(PROBLEM TO SOLVE)
Give again, exactly as written, the lines of the records below from the line with "Carriers and freight" to the line with "3、涵盖云南等热门目的地详尽". Both end lines count; pictures do not.

(DATA)
·····

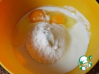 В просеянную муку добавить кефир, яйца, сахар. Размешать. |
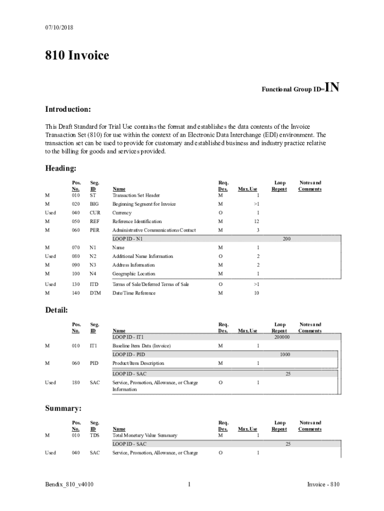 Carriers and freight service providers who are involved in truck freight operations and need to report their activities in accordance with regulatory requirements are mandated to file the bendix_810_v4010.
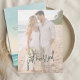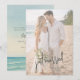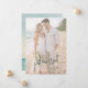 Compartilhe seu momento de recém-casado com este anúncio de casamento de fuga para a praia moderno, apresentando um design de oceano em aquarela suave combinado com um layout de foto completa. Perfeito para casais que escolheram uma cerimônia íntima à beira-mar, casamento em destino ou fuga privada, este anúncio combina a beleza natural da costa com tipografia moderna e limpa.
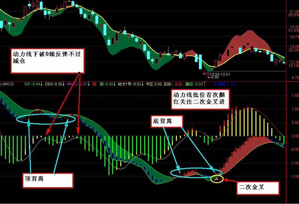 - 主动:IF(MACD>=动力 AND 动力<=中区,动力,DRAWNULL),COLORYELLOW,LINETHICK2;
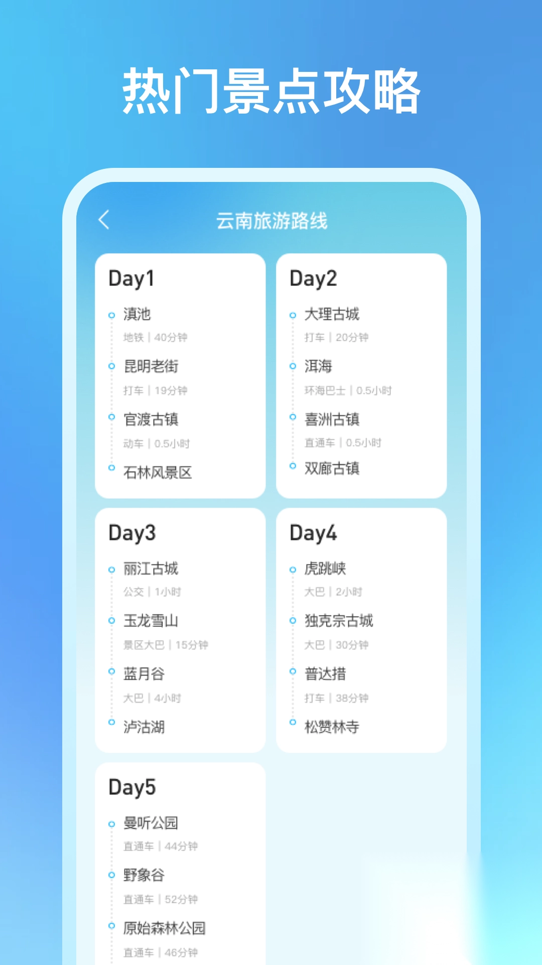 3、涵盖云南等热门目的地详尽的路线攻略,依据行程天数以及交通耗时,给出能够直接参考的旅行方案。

·····

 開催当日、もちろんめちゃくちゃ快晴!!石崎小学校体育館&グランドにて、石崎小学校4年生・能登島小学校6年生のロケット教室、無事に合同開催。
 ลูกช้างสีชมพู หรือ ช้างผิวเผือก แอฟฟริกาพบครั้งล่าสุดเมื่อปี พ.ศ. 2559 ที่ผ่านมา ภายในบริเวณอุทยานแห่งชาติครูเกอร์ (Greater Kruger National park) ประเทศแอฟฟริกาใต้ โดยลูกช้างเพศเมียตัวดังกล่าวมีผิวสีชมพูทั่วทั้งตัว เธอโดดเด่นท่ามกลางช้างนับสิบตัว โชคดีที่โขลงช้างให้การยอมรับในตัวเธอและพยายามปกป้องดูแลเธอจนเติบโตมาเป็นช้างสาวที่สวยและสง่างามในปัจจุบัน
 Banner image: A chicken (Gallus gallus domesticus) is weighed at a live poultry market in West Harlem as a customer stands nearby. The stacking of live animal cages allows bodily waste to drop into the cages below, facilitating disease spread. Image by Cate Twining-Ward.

·····

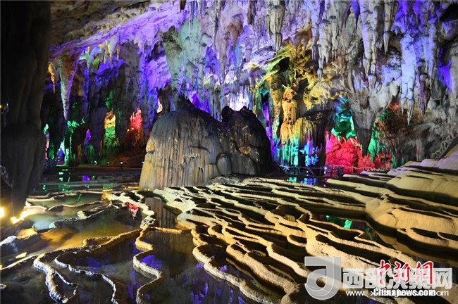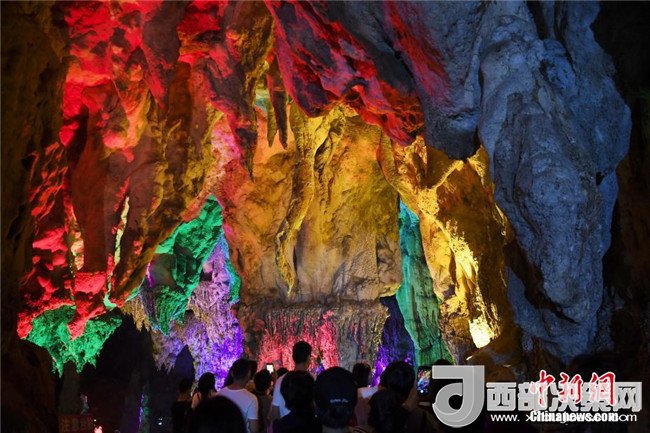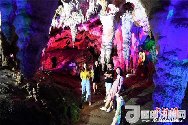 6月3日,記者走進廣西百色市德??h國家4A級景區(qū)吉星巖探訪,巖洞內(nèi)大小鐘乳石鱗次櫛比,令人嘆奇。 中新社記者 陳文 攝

·····

(RESULT OF THIS EXERCISE)
 Carriers and freight service providers who are involved in truck freight operations and need to report their activities in accordance with regulatory requirements are mandated to file the bendix_810_v4010.
 Compartilhe seu momento de recém-casado com este anúncio de casamento de fuga para a praia moderno, apresentando um design de oceano em aquarela suave combinado com um layout de foto completa. Perfeito para casais que escolheram uma cerimônia íntima à beira-mar, casamento em destino ou fuga privada, este anúncio combina a beleza natural da costa com tipografia moderna e limpa.
 - 主动:IF(MACD>=动力 AND 动力<=中区,动力,DRAWNULL),COLORYELLOW,LINETHICK2;
 3、涵盖云南等热门目的地详尽的路线攻略,依据行程天数以及交通耗时,给出能够直接参考的旅行方案。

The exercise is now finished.